[AVAILABLE DATA — start]

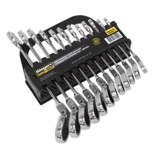 Sealey Flexible Head Ratchet Combination Spanner Set 12pc Metric S0635
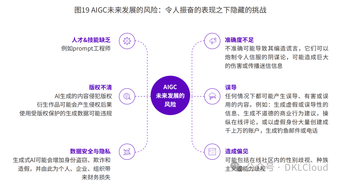 改变社会分配格局:AIGC也可能带来社会、经济和伦理问题。例如,与每一次技术革命相似,AIGC带来的效率提升会消灭大量传统岗位,但AIGC自身和其推动的产业发展过程也会产生很多新的生产和服务需求,进而形成新的专业导向,并在市场的作用下产生新的分配模式。
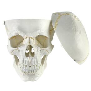 Modelo anatômico do crânio, em tamanho natural, desmontável em até 2 partes, evidencia estrutura interna, fissuras cranianas, base do crânio, arcada dentária e mandíbula articulável. Confeccionado em resina plástica rígida.
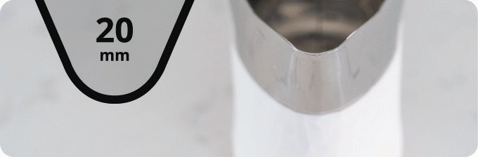 디테일을 살리고 싶을 때 스팀피쳐의 주둥이가 가늘어야 하지만 초보자에게는 넓은 것이 편할 수도 있습니다. 숙련도에 따라 달라집니다. 크루브 크리에이트(KRUVE CREATE)는 수년간 설계와 테스트로 만들어진 세가지 주둥이를 가진 스팀피쳐 입니다. 라떼아트를 다양하게 연습해 볼 수 있으며, 손잡이가 없어 더욱 섬세한 양조절이 가능합니다.
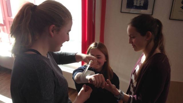 Im Rahmen einer Erste-Hilfe-Ausbildung am 06. Februar 2020 wurden 15 Schülerinnen und Schüler aus der Jahrgangsstufe 8 auf den Schulsanitätsdienst vorbereitet. An zahlreichen praktischen Übungsszenarien erlernten die Jugendlichen unter anderem den richtigen Umgang mit dem Patienten, eine adäquate Wundversorgung, Maßnahmen bei vital bedrohten Personen oder die Herz-Lungen-Wiederbelebung. Diese Basiskompetenzen, ergänzt durch weitere Bausteine in den Übungsstunden, liefern den neuen Schulsanis nach den Osterferien die nötige Sicherheit für kleinere und größere Einsätze während des Schulbetriebes. In den kommenden Wochen schnuppern die neuen Schulsanis als Praktikanten bei den Neuntklässlern in den Schulsanitätsalltag hinein.
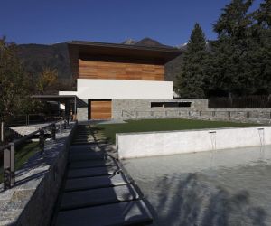 Il linguaggio architettonico interpreta i materiali tipici locali in chiave contemporanea: pietra di rivestimento per i muri dei terrazzi e il basamento dell’abitazione, calce bianca per il piano nobile, legno di larice naturale per il rivestimento del livello superiore destinato al reparto notte e l’intradosso della coperta che si sviluppa elevando la falda verso le cime delle vette antistanti. Particolare attenzione è stata rivolta al controllo della luce: negli spazi seminterrati (piscina spa e taverna) è stata introdotta un’illuminazione zenitale e naturale, mentre le aree di soggiorno all’aperto sono state ombreggiate da pergolati in acciaio, legno-acciaio e legno disposti lungo i fronti est ed ovest. L’edificio, in classe energetica A, adotta energie rinnovabili (pompa di calore geotermica, solare termico) e un sofisticato sistema domotico per il controllo e la gestione degli impianti.
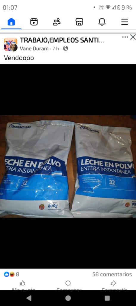 La denuncia llegó acompañada de capturas de pantalla que muestran publicaciones de usuarios que, sin ningún pudor, ofrecen leche chocolatada, leche en polvo, galletitas y otros productos —todos con la leyenda impresa en el envase “PROHIBIDA SU VENTA”— a precios muy bajos, aprovechando la necesidad de las familias.
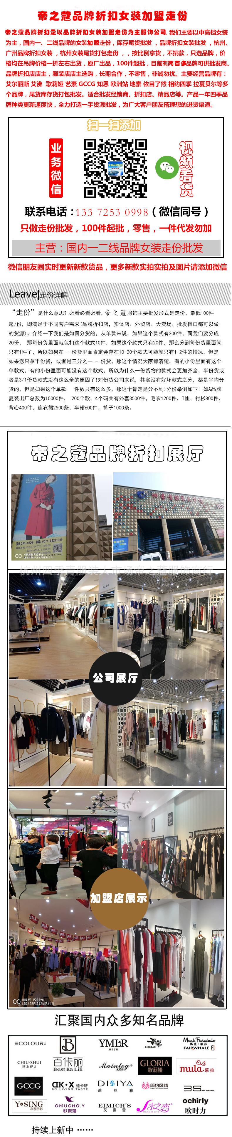我知道大家找货源辛苦不容易,现在也到了我们品牌折扣出货的旺季,有时忙的没有时间回复大家的咨询,阿里巴巴更是没有时间及时去更新,很多新到的好货都会在微信朋友圈第一时间发图,为避免大家不要错过商机,如果您是开服装店的,互相加个微信,以便及时了解我司产品更新,每天发布最新品牌动态!
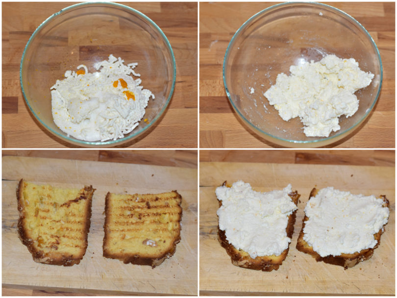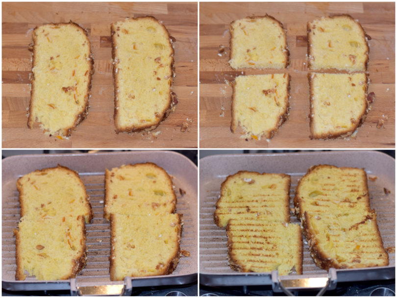 Tagliate le 2 fette di colomba, dividetele a metà e grigliatele su di una bistecchiera arroventata, da entrambi i lati.
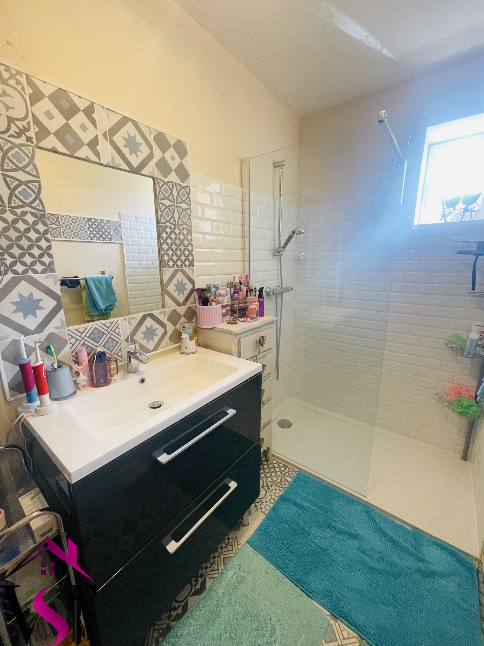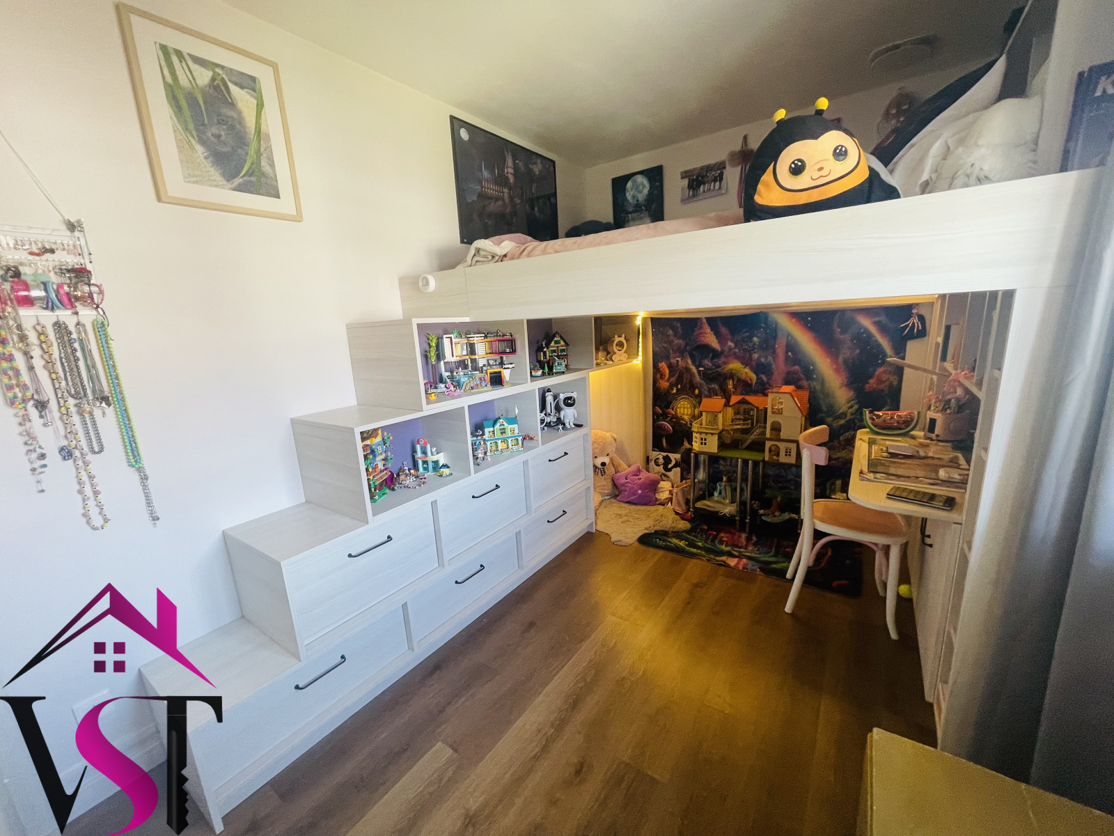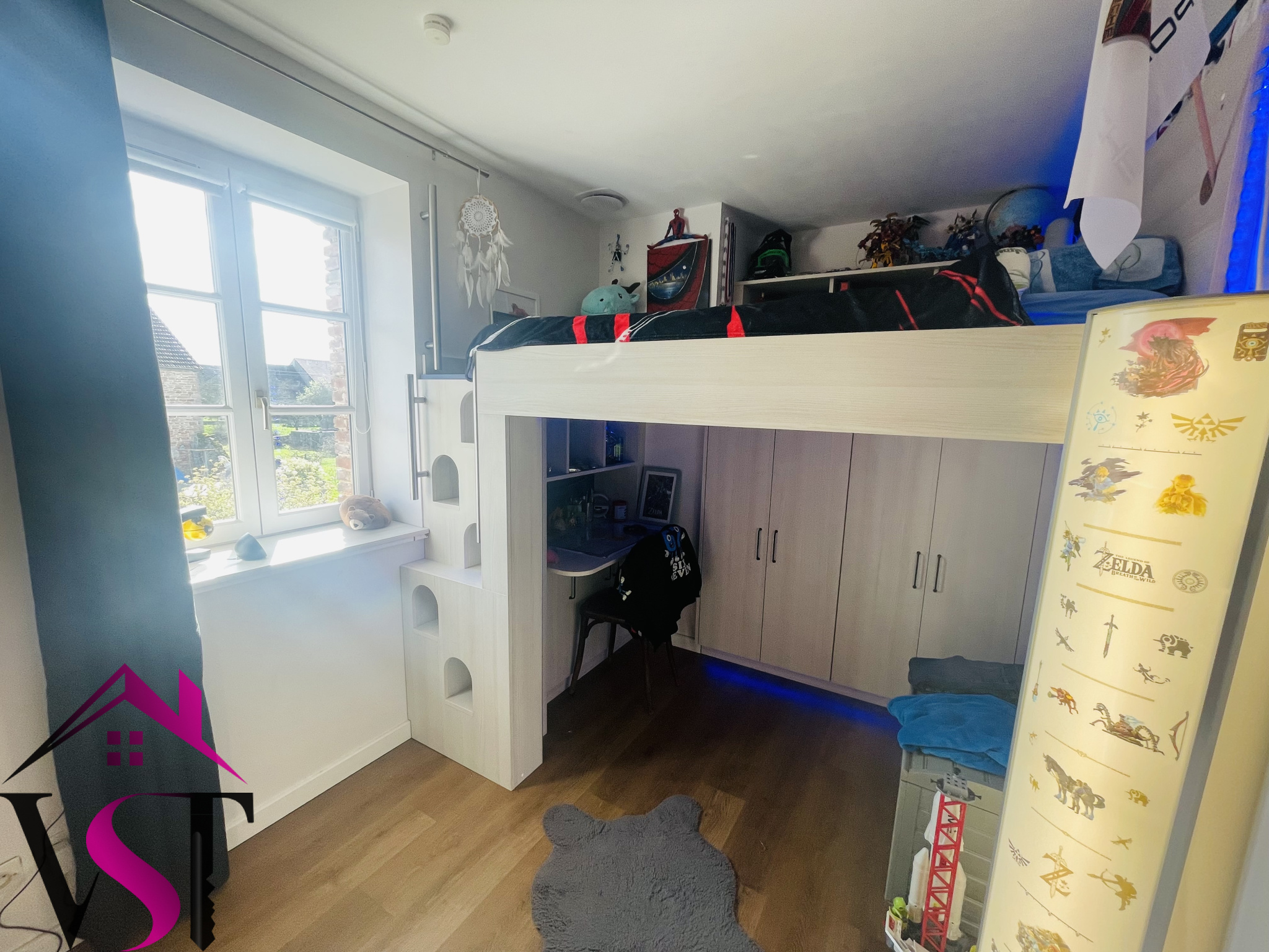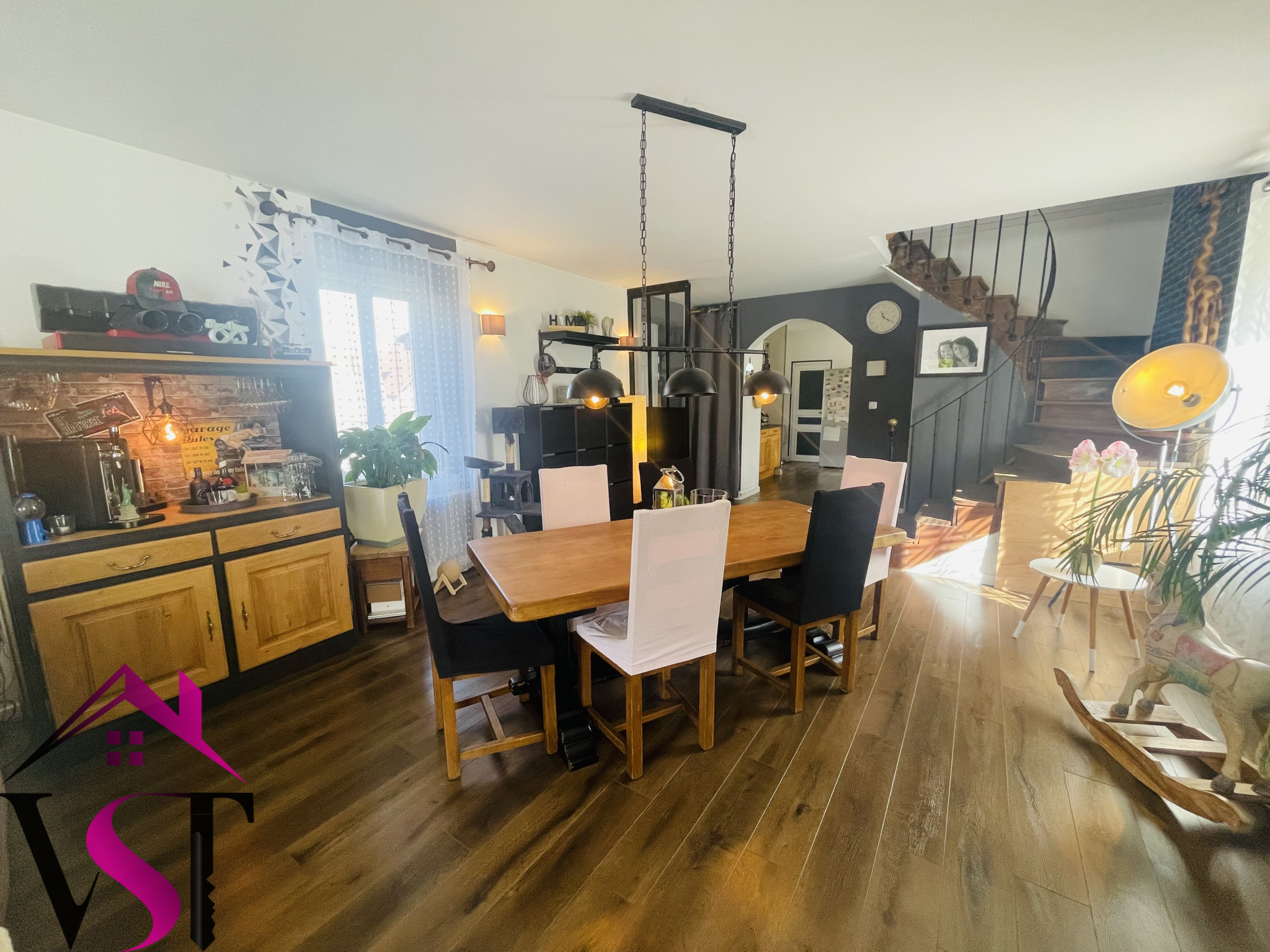 entrée, cuisine dînatoire équipée avec four à pain ouverte sur vaste salon-séjour d'environ 48m² avec accès terrasse, 4 chambres dont une magnifique chambre parentale avec salle de bains et dressing, salle d'eau, mezzanine avec coin bureau, 2 WC et dégagements.
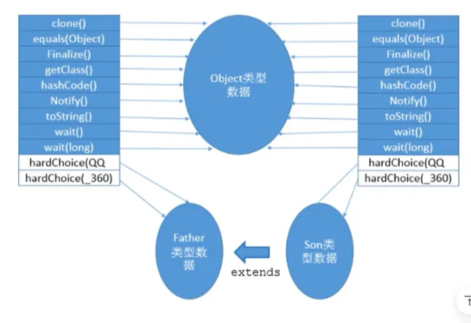 找到son类发现toString()是Object类的,就不用再往父类father找了直接用Object的。
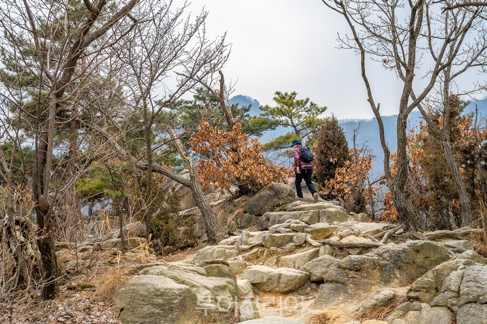 진달래능선에 올라서면 머리 위로는 시야가 트인다. 진달래능선은 4월 초․중순이 되면 능선을 따라 진달래가 꽃을 피워 북한산이 분홍색으로 곱게 물든다. 3월에는 아직 꽃이 피지 않지만, 꽃봉오리가 맺혀 있는 것이 보인다. 능선 중간중간마다 삐죽 튀어나와 있는 바위 위에 올라서면 서울 시내가 내려다보이는 포인트가 있다.
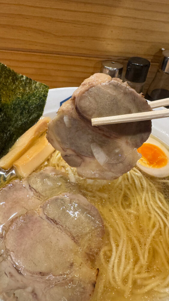 特製真珠が着丼!清湯系で透明感のある塩スープが美味しそう!
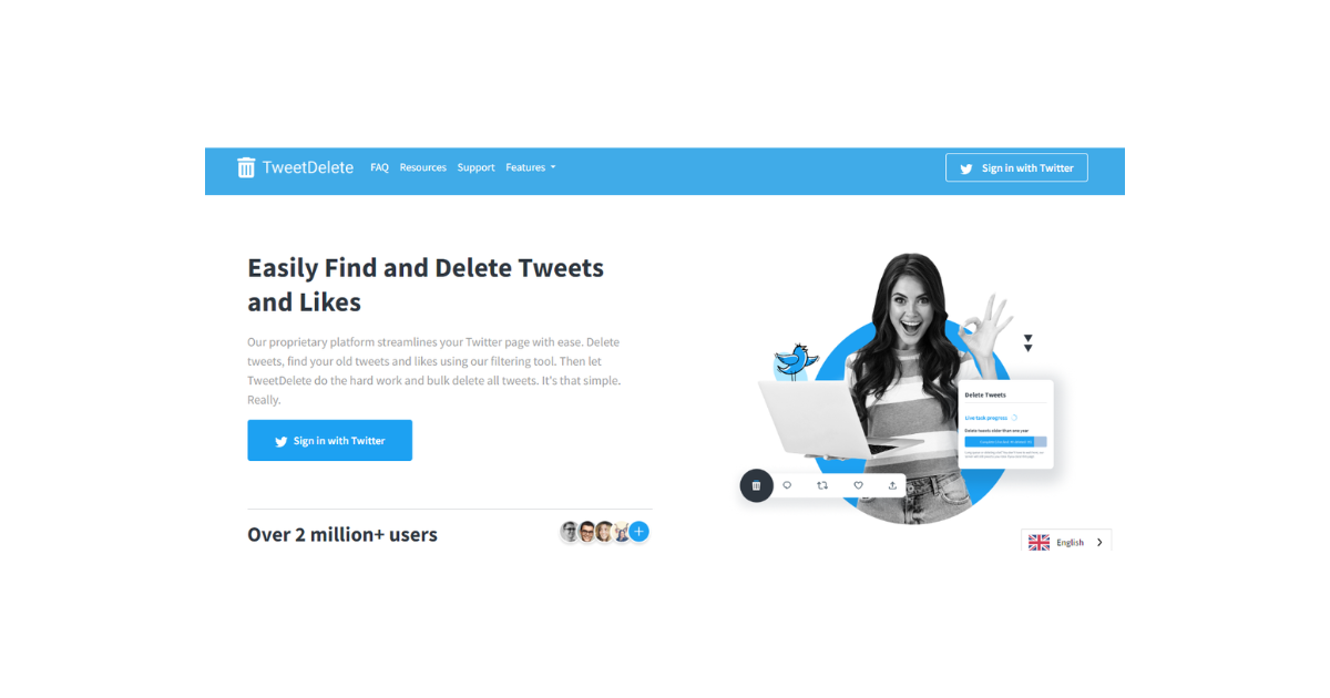 Limpar todo o seu histórico do Twitter não é uma tarefa fácil; é por isso que você precisa da ajuda de ferramentas de terceiros. O TweetDelete é uma dessas poderosas ferramentas baseadas na Web que limpam seu histórico na plataforma. Esse eficiente limpador do Twitter pode excluir até 3.200 tweets na versão gratuita. Isso inclui suas postagens e retuítes. Você pode se inscrever em um dos três planos pagos se tiver mais do que esse número.

[AVAILABLE DATA — finish]

*EXERCISE INSTRUCTIONS*. Copy each entry exactly as written. Images should not appear in the copy.

*FINAL ANSWER*.
 Sealey Flexible Head Ratchet Combination Spanner Set 12pc Metric S0635
 改变社会分配格局:AIGC也可能带来社会、经济和伦理问题。例如,与每一次技术革命相似,AIGC带来的效率提升会消灭大量传统岗位,但AIGC自身和其推动的产业发展过程也会产生很多新的生产和服务需求,进而形成新的专业导向,并在市场的作用下产生新的分配模式。
 Modelo anatômico do crânio, em tamanho natural, desmontável em até 2 partes, evidencia estrutura interna, fissuras cranianas, base do crânio, arcada dentária e mandíbula articulável. Confeccionado em resina plástica rígida.
 디테일을 살리고 싶을 때 스팀피쳐의 주둥이가 가늘어야 하지만 초보자에게는 넓은 것이 편할 수도 있습니다. 숙련도에 따라 달라집니다. 크루브 크리에이트(KRUVE CREATE)는 수년간 설계와 테스트로 만들어진 세가지 주둥이를 가진 스팀피쳐 입니다. 라떼아트를 다양하게 연습해 볼 수 있으며, 손잡이가 없어 더욱 섬세한 양조절이 가능합니다.
 Im Rahmen einer Erste-Hilfe-Ausbildung am 06. Februar 2020 wurden 15 Schülerinnen und Schüler aus der Jahrgangsstufe 8 auf den Schulsanitätsdienst vorbereitet. An zahlreichen praktischen Übungsszenarien erlernten die Jugendlichen unter anderem den richtigen Umgang mit dem Patienten, eine adäquate Wundversorgung, Maßnahmen bei vital bedrohten Personen oder die Herz-Lungen-Wiederbelebung. Diese Basiskompetenzen, ergänzt durch weitere Bausteine in den Übungsstunden, liefern den neuen Schulsanis nach den Osterferien die nötige Sicherheit für kleinere und größere Einsätze während des Schulbetriebes. In den kommenden Wochen schnuppern die neuen Schulsanis als Praktikanten bei den Neuntklässlern in den Schulsanitätsalltag hinein.
 Il linguaggio architettonico interpreta i materiali tipici locali in chiave contemporanea: pietra di rivestimento per i muri dei terrazzi e il basamento dell’abitazione, calce bianca per il piano nobile, legno di larice naturale per il rivestimento del livello superiore destinato al reparto notte e l’intradosso della coperta che si sviluppa elevando la falda verso le cime delle vette antistanti. Particolare attenzione è stata rivolta al controllo della luce: negli spazi seminterrati (piscina spa e taverna) è stata introdotta un’illuminazione zenitale e naturale, mentre le aree di soggiorno all’aperto sono state ombreggiate da pergolati in acciaio, legno-acciaio e legno disposti lungo i fronti est ed ovest. L’edificio, in classe energetica A, adotta energie rinnovabili (pompa di calore geotermica, solare termico) e un sofisticato sistema domotico per il controllo e la gestione degli impianti.
 La denuncia llegó acompañada de capturas de pantalla que muestran publicaciones de usuarios que, sin ningún pudor, ofrecen leche chocolatada, leche en polvo, galletitas y otros productos —todos con la leyenda impresa en el envase “PROHIBIDA SU VENTA”— a precios muy bajos, aprovechando la necesidad de las familias.
我知道大家找货源辛苦不容易,现在也到了我们品牌折扣出货的旺季,有时忙的没有时间回复大家的咨询,阿里巴巴更是没有时间及时去更新,很多新到的好货都会在微信朋友圈第一时间发图,为避免大家不要错过商机,如果您是开服装店的,互相加个微信,以便及时了解我司产品更新,每天发布最新品牌动态!
 Tagliate le 2 fette di colomba, dividetele a metà e grigliatele su di una bistecchiera arroventata, da entrambi i lati.
 entrée, cuisine dînatoire équipée avec four à pain ouverte sur vaste salon-séjour d'environ 48m² avec accès terrasse, 4 chambres dont une magnifique chambre parentale avec salle de bains et dressing, salle d'eau, mezzanine avec coin bureau, 2 WC et dégagements.
 找到son类发现toString()是Object类的,就不用再往父类father找了直接用Object的。
 진달래능선에 올라서면 머리 위로는 시야가 트인다. 진달래능선은 4월 초․중순이 되면 능선을 따라 진달래가 꽃을 피워 북한산이 분홍색으로 곱게 물든다. 3월에는 아직 꽃이 피지 않지만, 꽃봉오리가 맺혀 있는 것이 보인다. 능선 중간중간마다 삐죽 튀어나와 있는 바위 위에 올라서면 서울 시내가 내려다보이는 포인트가 있다.
 特製真珠が着丼!清湯系で透明感のある塩スープが美味しそう!
 Limpar todo o seu histórico do Twitter não é uma tarefa fácil; é por isso que você precisa da ajuda de ferramentas de terceiros. O TweetDelete é uma dessas poderosas ferramentas baseadas na Web que limpam seu histórico na plataforma. Esse eficiente limpador do Twitter pode excluir até 3.200 tweets na versão gratuita. Isso inclui suas postagens e retuítes. Você pode se inscrever em um dos três planos pagos se tiver mais do que esse número.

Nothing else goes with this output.